▸ AIM OF THE TASK
Pictures stay out of the output. Return exactly the lines below from the one with "حذاء رسمي من" down to the one with "This paper investigates", both included, and nothing more.

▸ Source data

========================================

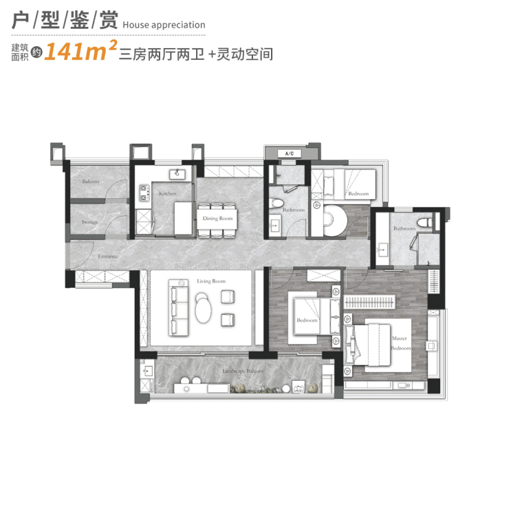 #03、04户型~独立单边位视野,约5m²独立序厅,营造步步尊崇领域感,LDKB洄游路线,超 80m²多功能巨幕宽厅,南向双套房卧室设计,漳展高阶人生气度,超 40m²端厅套房主卧,奢享星级酒店卫浴体验
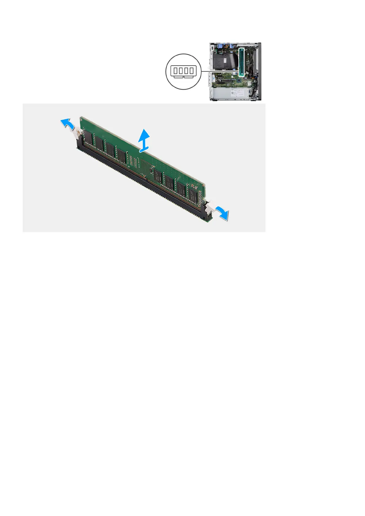 1. Pull the securing clips from both side of the memory module until the memory module pops up.
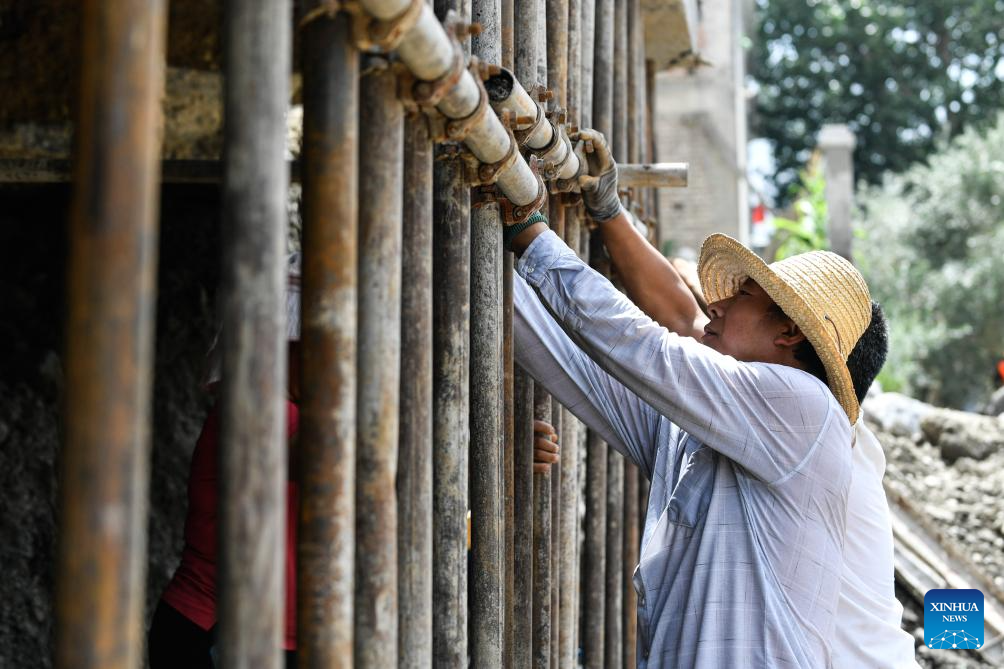 Villagers fortify the foundation of a house at Zhulin Village of Wudu District in Longnan City, northwest China's Gansu Province, July 25, 2024.?(Xinhua/Lang Bingbing)
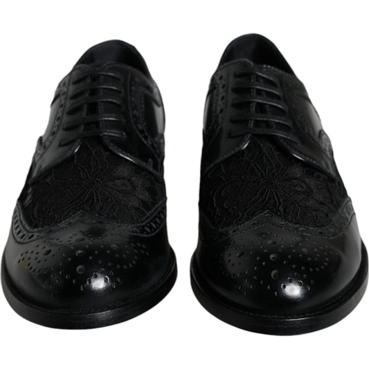 حذاء رسمي من دولتشي آند غابانا مصنوع من الجلد الأسود ومزين بزهور من الدانتيل
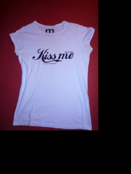 Bílé tričko s nápisem, , Kiss me, ,
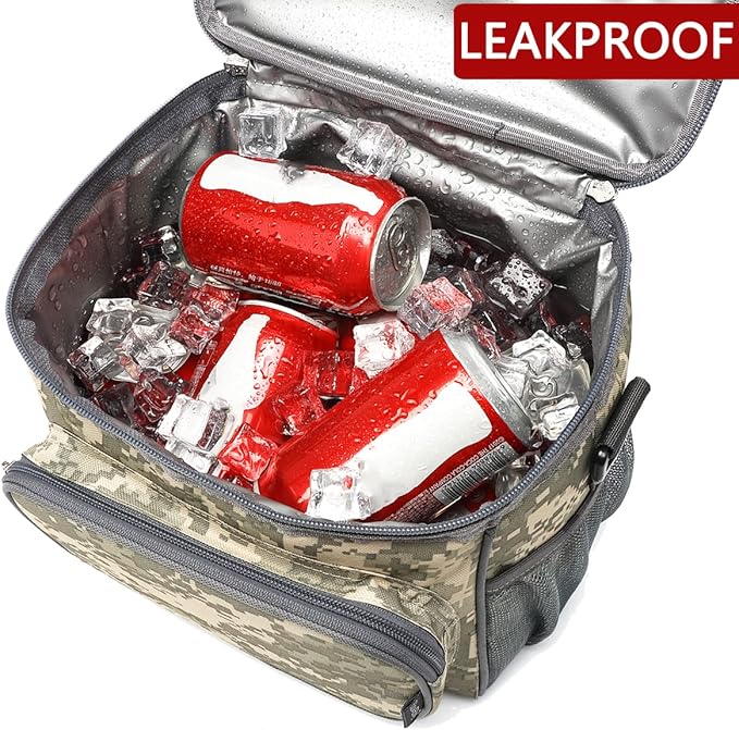 FlowFly Insulated Reusable Lunch Bag Adult Large Lunch Box for Women and Men with Adjustable Shoulder Strap,Front Zipper Pocket and Dual Large Mesh Side Pockets,DigitalCamo
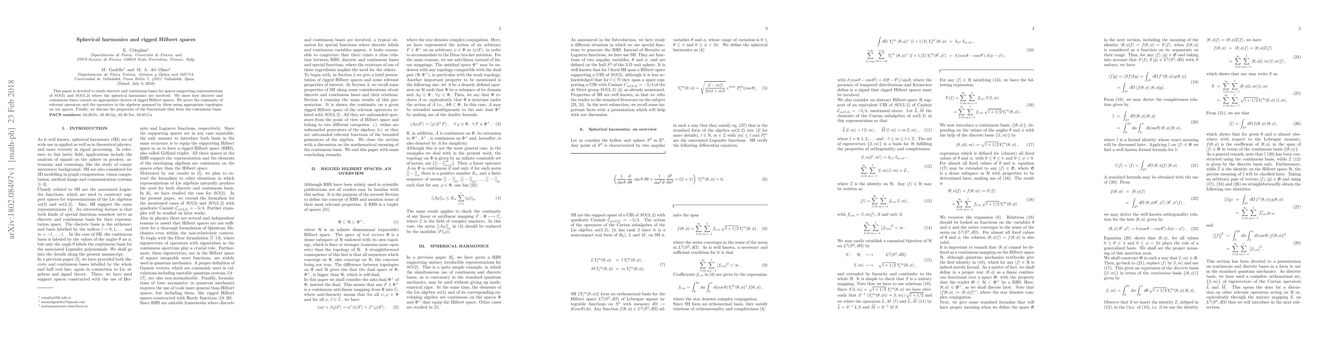 This paper investigates the coexistence of discrete and continuous bases, including spherical harmonics, for spaces representing SO(3) and SO(3,2) on rigged Hilbert spaces, proving continuity of relevant operators and discussing properties of functionals forming the continuous basis.
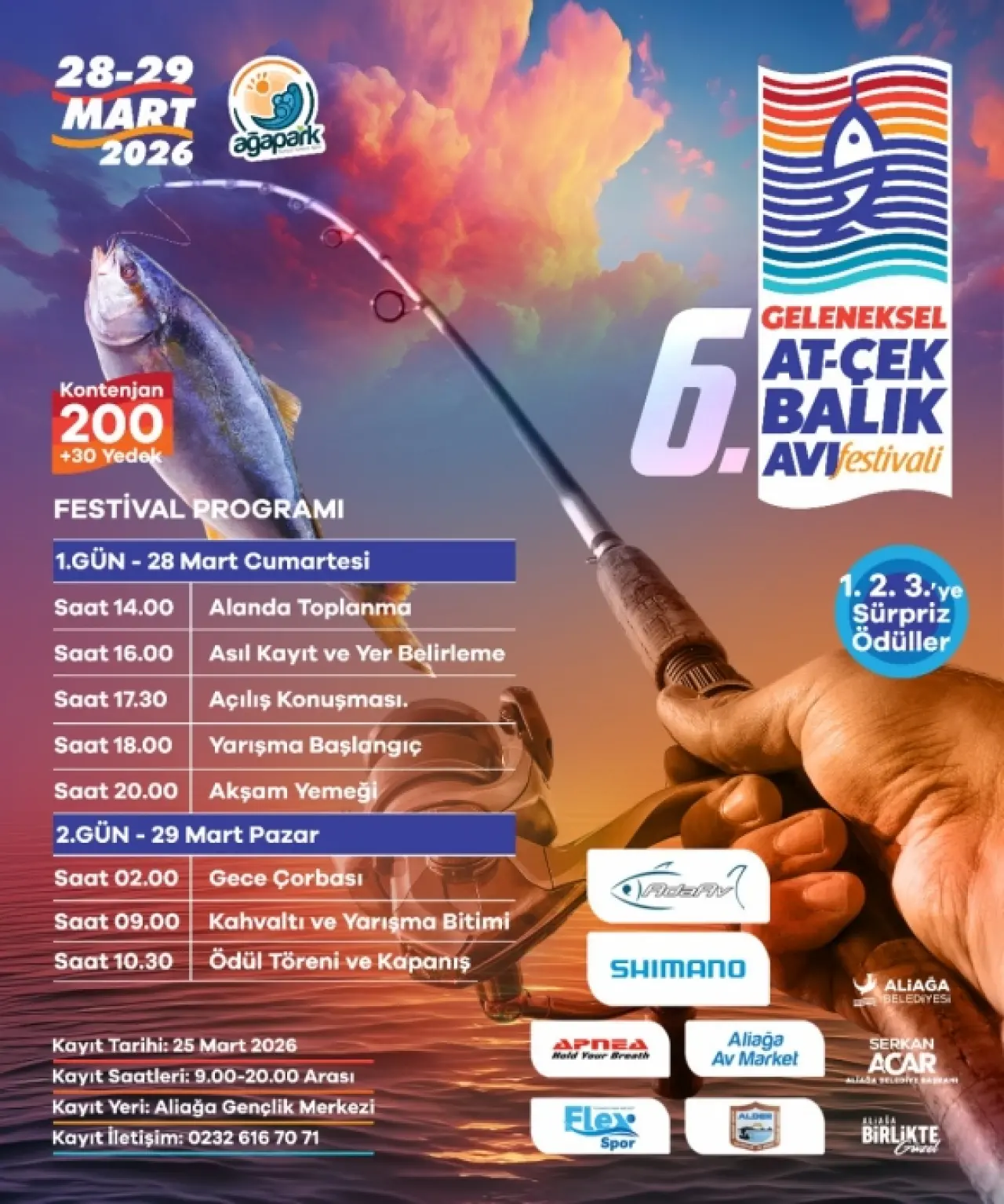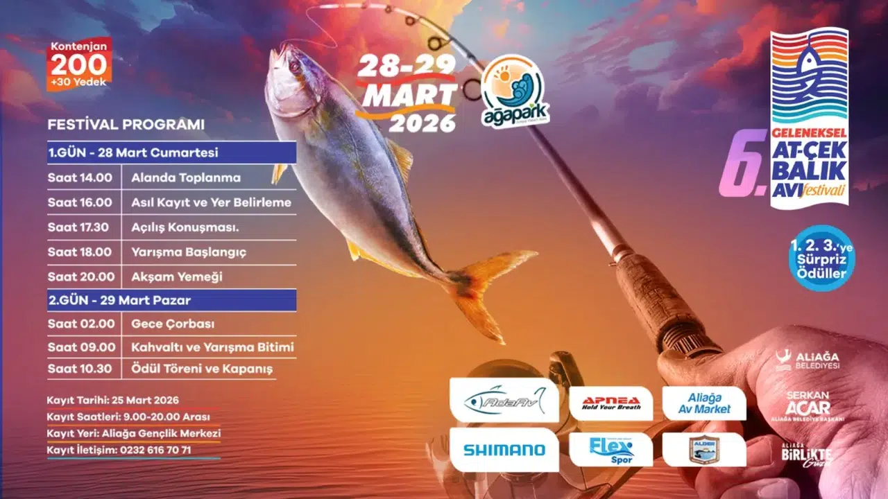 Aliağa'da düzenlenecek 6. At-Çek Balık Avı Festivali, 28-29 Mart 2026'da amatör balıkçılara ev sahipliği yapacak. Başvurular 25 Mart'ta başlıyor.
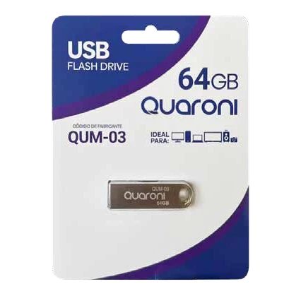 Quaroni QUM-03. Capacidad: 64 GB, Interfaz del dispositivo: USB tipo A, Versión USB: 2.0. Factor de forma: Sin tapa. Peso: 5.7 g. Color del producto: Acero inoxidable
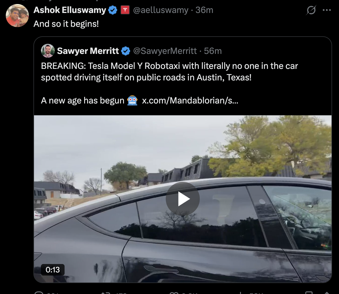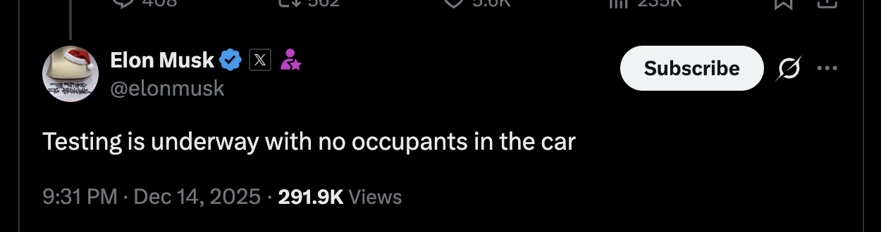 Or more to the point, this market is asking whether the Austin robotaxis this summer cracked unsupervised autonomy and Musk has been explicit that the answer was yes. I think this "on the cusp" and "within a few months" is a reversal.

========================================

▸ EXERCISE OUTPUT
 حذاء رسمي من دولتشي آند غابانا مصنوع من الجلد الأسود ومزين بزهور من الدانتيل
 Bílé tričko s nápisem, , Kiss me, ,
 FlowFly Insulated Reusable Lunch Bag Adult Large Lunch Box for Women and Men with Adjustable Shoulder Strap,Front Zipper Pocket and Dual Large Mesh Side Pockets,DigitalCamo
 This paper investigates the coexistence of discrete and continuous bases, including spherical harmonics, for spaces representing SO(3) and SO(3,2) on rigged Hilbert spaces, proving continuity of relevant operators and discussing properties of functionals forming the continuous basis.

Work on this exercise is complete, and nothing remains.